Chromosomal disorders

In addition to trisomy 21, 18 and 13 there are many hundreds of chromosomal deletions and rearrangements. Micro-array technology is increasingly able to detect them in fetal or neonatal DNA.

Trisomy 21 (Down syndrome)

Incidence is 1 in 650 live births. Most (94%) are due to non-disjunction of chromosome 21 during meiosis in the formation of eggs or sperm (Fig. 9.2). The risk increases with maternal age (Table 9.5) although most are born to mothers < 35 years old.

c9-fig-0002 — **Fig. 9.2** Trisomy 21 due to non-disjunction.

Table 9.5 Risk of trisomy 21 in liveborn infants by maternal age.

Maternal age at delivery (years)	Risk
All ages	1 in 650
30	1 in 900
35	1 in 400
37	1 in 250
40	1 in 100
44	1 in 40

Approximately 5% are due to translocation, in which chromosome 21 is relocated onto another chromosome (usually onto chromosome 14). The risk of trisomy 21 is about 10% when the balanced translocation is carried by the mother. Most are identified prenatally. Non-invasive prenatal testing (NIPT) – free fetal DNA recovered from maternal serum in the late first trimester has 99.5% sensitivity for trisomy 21.

Clinical features

The facial appearance and other clinical signs (Fig. 9.3) are usually recognizable at birth but diagnosis needs to be confirmed by chromosome analysis. Associated malformations include congenital heart disease, duodenal atresia and Hirschsprung disease.

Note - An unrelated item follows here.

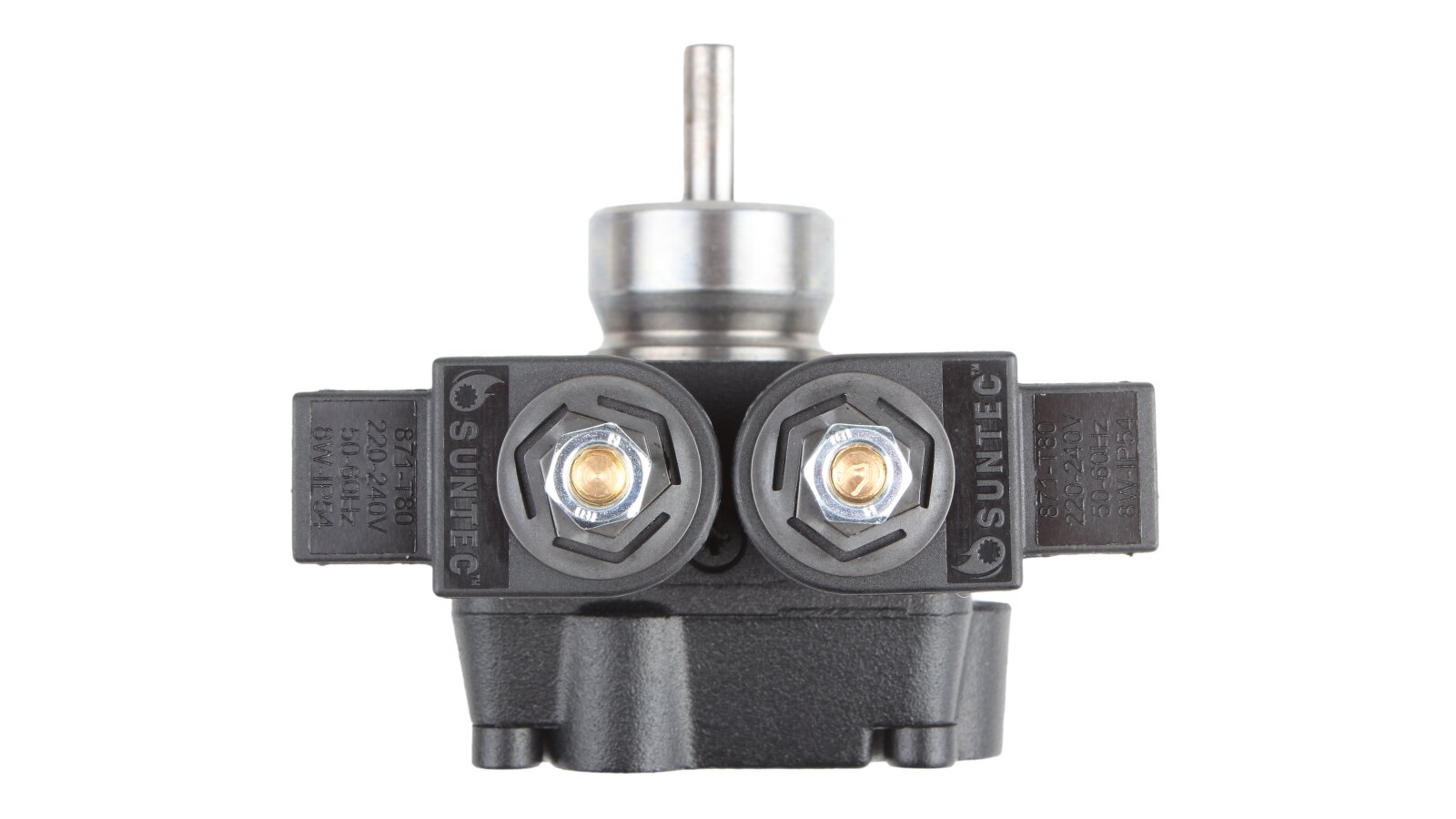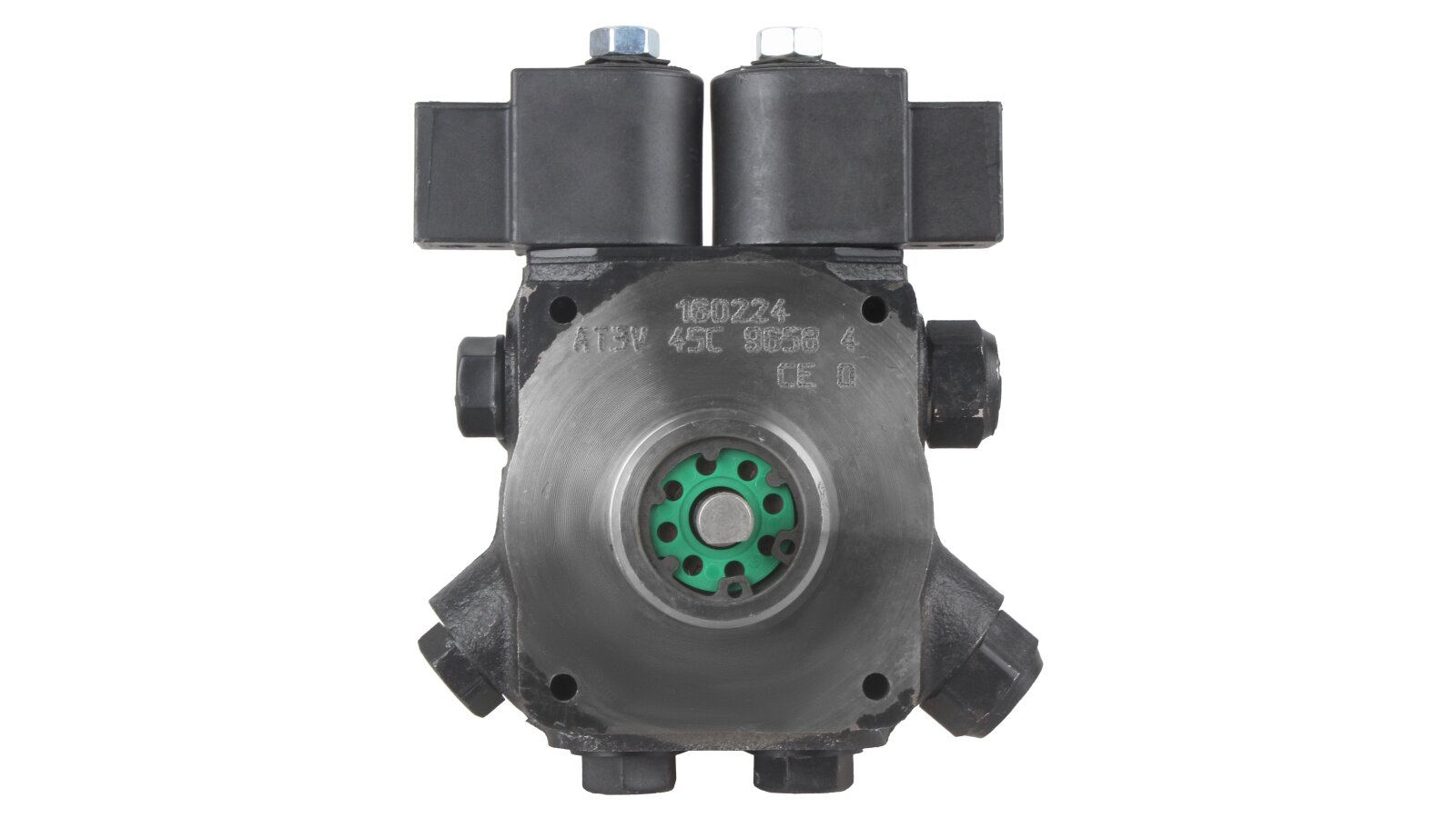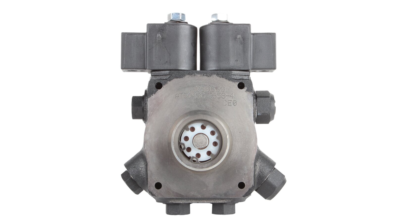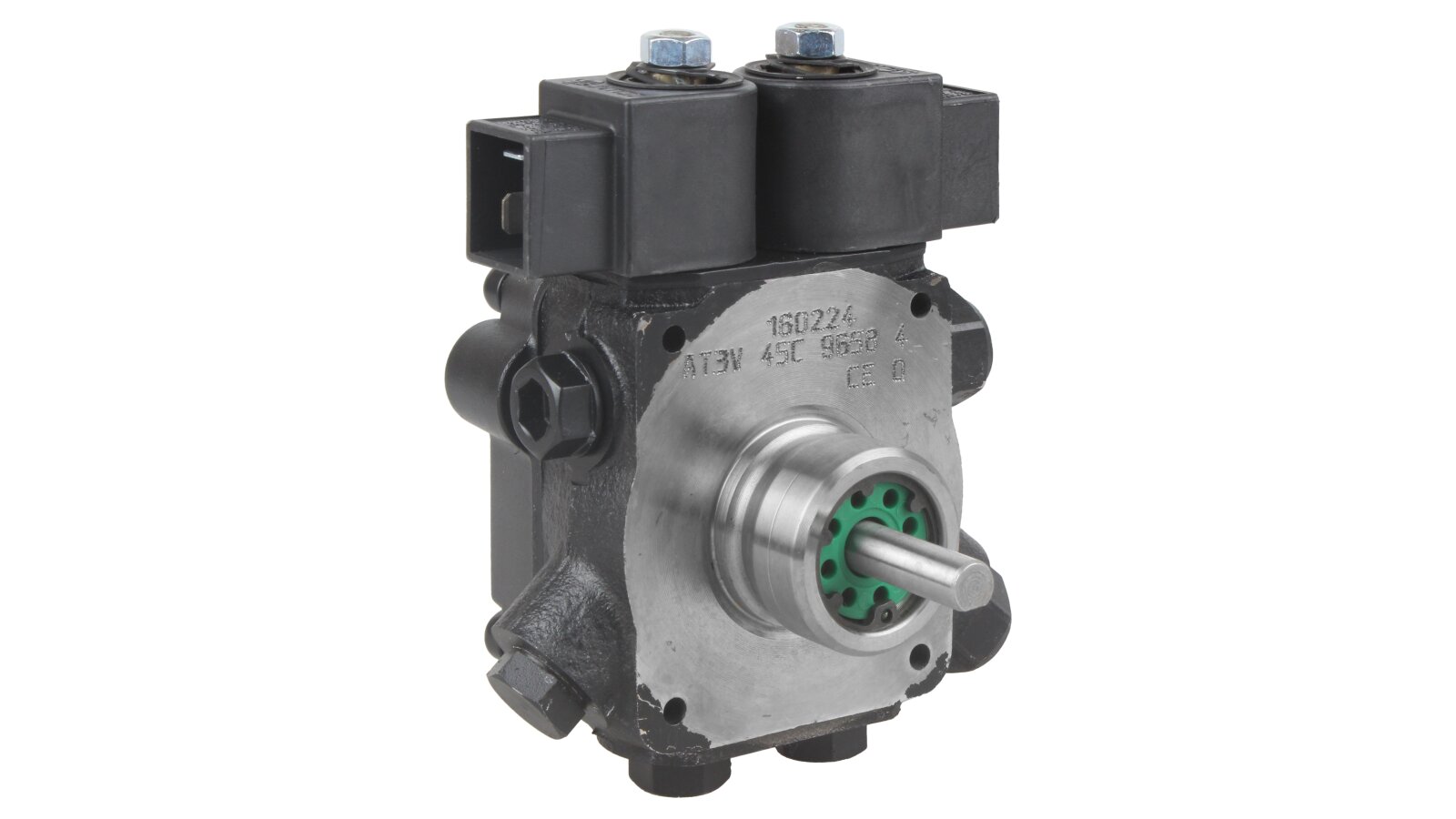 The dual-mode liquid fuel pump AT3 V 45 C 9658 4P 0700 is equipped with two electromagnetic valves with a locking function. The design has a special connection hole on the cover for connecting a pressure gauge that determines the pressure in the nozzle in high-pressure mode and discharge in low-pressure mode.

c9-fig-0003 — **Fig. 9.3** Trisomy 21 (Down syndrome). (a) Facial features – upward slant of eyes, epicanthic folds, low set simple ears, flat occiput, third fontanel, short neck. (b) Hands – single palmar crease and short little finger. (c) Feet – wide gap between first and second toes. Other features – hypotonia.

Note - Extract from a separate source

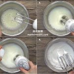 蛋白霜:以低速把蛋白打至起粗泡。加入塔塔粉,继续打至细泡。慢慢的把砂糖加入,继续打至干性发泡 (搅拌器拉起蛋白霜会形成直立状)。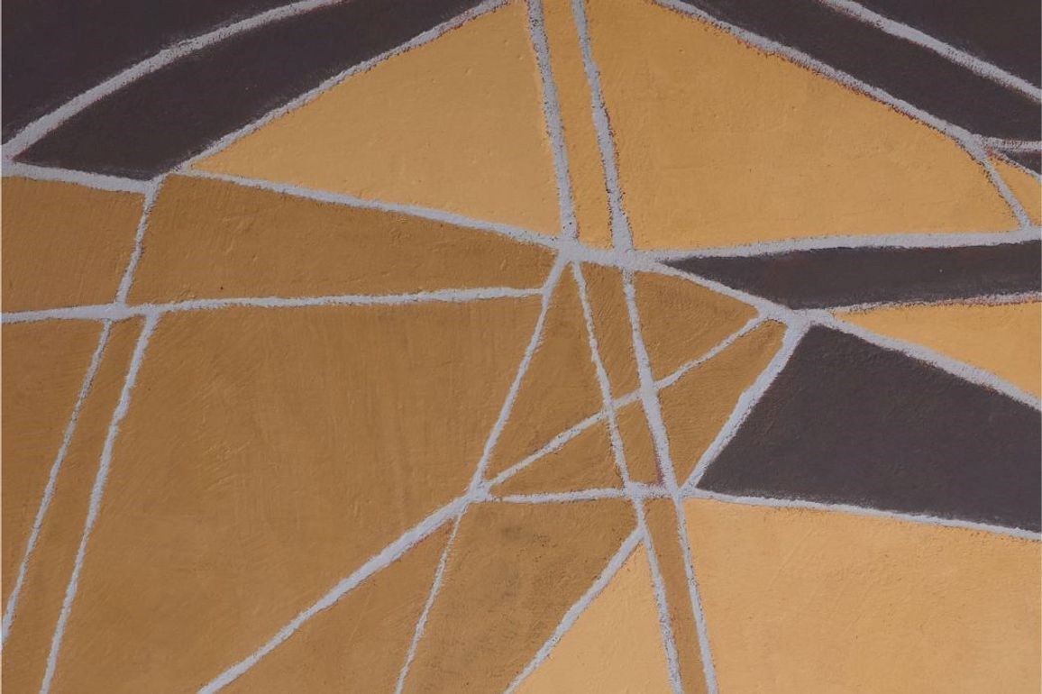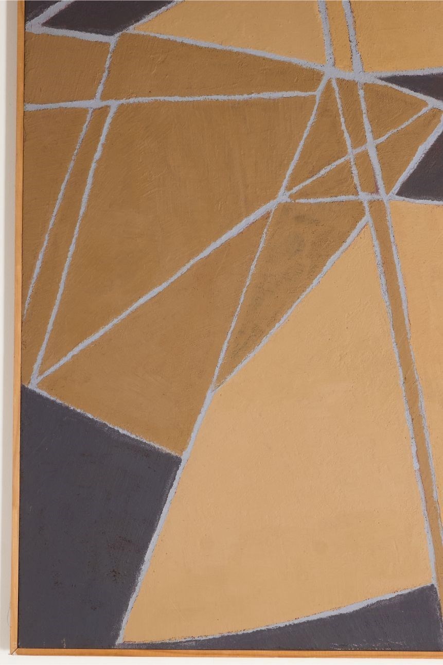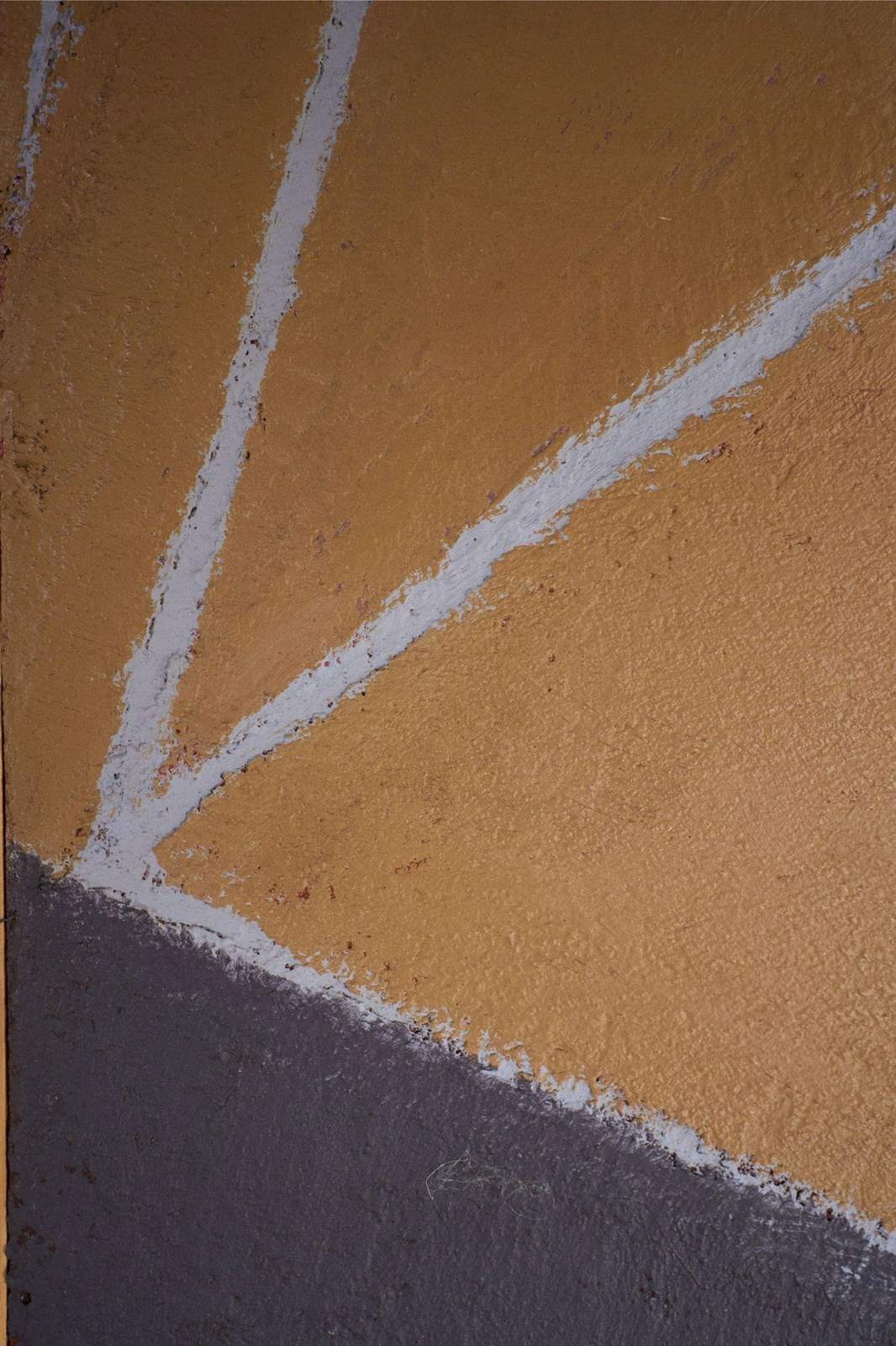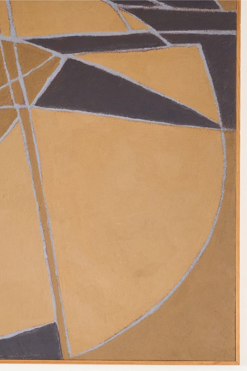This is a striking 20th century Abstract painting. It was a submission of a stain glass proposal for a church in Belgium. This piece is acrylic on board mixed with gesso and sand to create a thick hard texture. The varying shades of colour make this an ideal wall piece for a number of interiors. Its large size is perfect as well. The whole piece is bordered in a pine frame.

Subsequently there is increased risk of:

learning difficulties
small stature
secretory otitis media and visual impairment
leukemia
hypothyroidism
Alzheimer disease.

Trisomy 18 (Edwards syndrome)

Incidence is 0.1/1000 live births. Most infants have intrauterine growth restriction. Dysmorphic features include prominent occiput, narrow forehead, small mouth and jaw, short sternum, clenched hands with overlapping digits (Fig. 9.4a), prominent heels and rocker-bottom feet (Fig. 9.4b). Major malformations include heart defects, neural tube defects, omphalocele, esophageal atresia and radial defects. Most die shortly after birth.

c9-fig-0004 — **Fig. 9.4** Characteristic abnormalities of trisomy 18 (Edwards syndrome). (a) Typical clenched hand with overlying digits. (b) Rocker-bottom feet.

Trisomy 13 (Patau syndrome)

Incidence is around 0.7/1000 live births. Dysmorphic features include scalp defects (Fig. 9.5a) and polydactyly. Major malformations include holoprosencephaly (brain is a single hemisphere), microcephaly, ocular malformations, cleft lip and palate (Fig. 9.5b), heart defects and renal abnormality. Most babies die within 1 month.

c9-fig-0005 — **Fig. 9.5** Characteristic abnormalities of trisomy 13 (Patau syndrome). (a) Scalp defect. (b) Cleft lip and palate.